My Friends, risking getting into a theological debate, let this old granny tell you there is no use praying for the dead. They are gone on to other places now.
We can pray for families currently in this same kind of distress, and we can pray for ourselves, that we will be alert and sensitive to the needs around us. Most likely people were aware of this situation and for one reason or another didn’t intervene. I think that usually is for fear of being wrong, or for fear of “butting in.”

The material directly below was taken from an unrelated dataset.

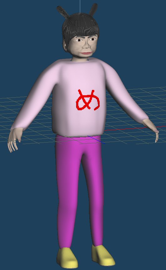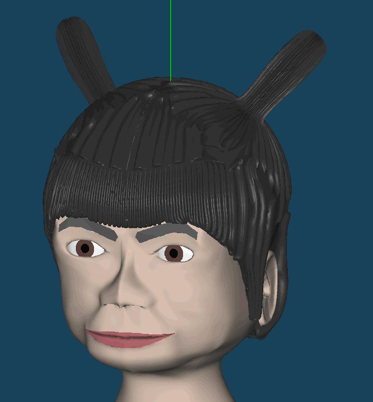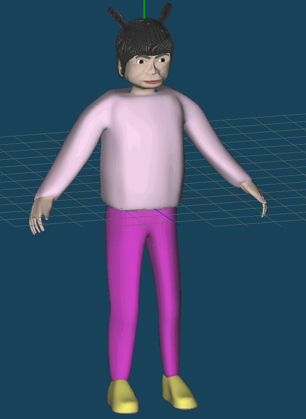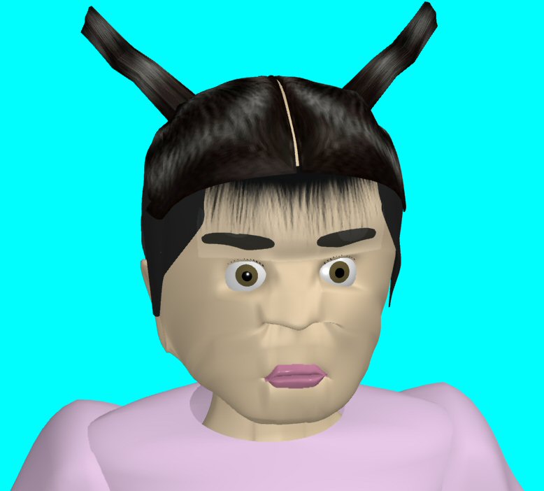 髪の毛を束ねたその先の、長さや上下前後位置はモーフ・パラメータでいじれるので、この写真のように先端を上にすることはできます。しかし、髪の毛を「束ねる位置」が、どうしても変更不可能でした。ここで、変人の異常な意地が出てくるのですが、めぐちゃんの髪型は、決して「おさげ」ではなく、オリジナルの「ダブルちょんちょこりん」なのです。良くオリジナルの絵を見ていただくとわかりますが、めぐちゃんはもっと上のほうで髪を束ねています。決しておさげではありません。

Twice in my life i have made reports of children in distress—one in AR that i knew was being beaten, and one here at home. It was a little child being pummeled in a car right on Main Street in front of Rod Armstrong’s. However, in our stressed out society i have questioned and then failed to report situations which probably needed intervention.
Truly, all parents need prayer. Parenting isn’t for sissies.
Tj- I appreciate your apology. Emotions are running high right now and I cannot nor will not forgive Ivory. You are probably one of the MANY victims that Ivory lured in and made feel sorry for her. Trust me – she was not the nice person that you remember her as. Sydney was my family’s life and now we are struggling to find our purpose. We will however continue to live for each other as that is what life is all about – Family, friends and love. Ivory never could see that.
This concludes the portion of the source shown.